→ **WHAT THIS TASK INVOLVES**: Your answer must be an exact transcription of the data, with every picture omitted.

→ **DATA EXCERPT**:

+ + + +

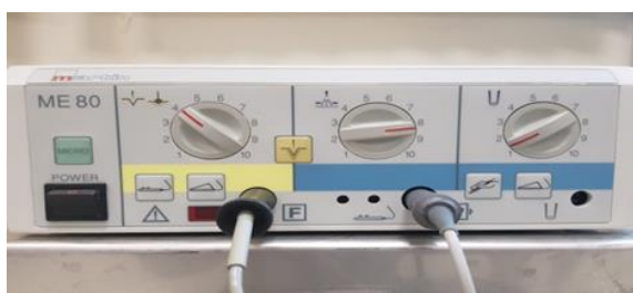
Figure 1. Electrosurgery unit (Bovie machine)

Electrosurgery Unit and Animal Preparation. The electrosurgery unit (Bovie machine; Figure 1) used in this study was KLS Martin ME 80 (KLS Martin Group, Germany). This unit has three main parts, including 1) monopolar electrodes (Surgi-pen; Figure 2) attached to a needle electrode with 0.4 mm outer diameter to make an incision in the skin, 2) rubber neutral electrode for children (8×16 cm; Figure 3) with a single contact surface of 120 cm 2 , and 3) monopolar double-pedal footswitch (Figure 4). Several serious precautions should be followed while performing electrosurgery as a preferred surgical method. To avoid animal burning it is necessary to ensure that the animal back skin is fully connected to the rubber neutral electrode; therefore, before putting the mouse on the rubber neutral electrode, it is required to cover the back skin with a water-based lubricant.
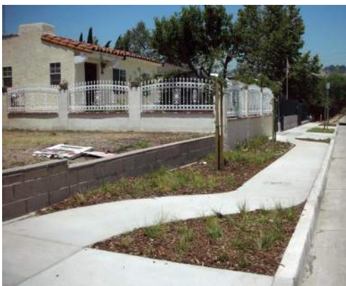
Residential stormwater garden with new sidewalks and plantings

+ + + +

→ **EXERCISE ANSWER**:
Figure 1. Electrosurgery unit (Bovie machine)

Electrosurgery Unit and Animal Preparation. The electrosurgery unit (Bovie machine; Figure 1) used in this study was KLS Martin ME 80 (KLS Martin Group, Germany). This unit has three main parts, including 1) monopolar electrodes (Surgi-pen; Figure 2) attached to a needle electrode with 0.4 mm outer diameter to make an incision in the skin, 2) rubber neutral electrode for children (8×16 cm; Figure 3) with a single contact surface of 120 cm 2 , and 3) monopolar double-pedal footswitch (Figure 4). Several serious precautions should be followed while performing electrosurgery as a preferred surgical method. To avoid animal burning it is necessary to ensure that the animal back skin is fully connected to the rubber neutral electrode; therefore, before putting the mouse on the rubber neutral electrode, it is required to cover the back skin with a water-based lubricant.
Residential stormwater garden with new sidewalks and plantings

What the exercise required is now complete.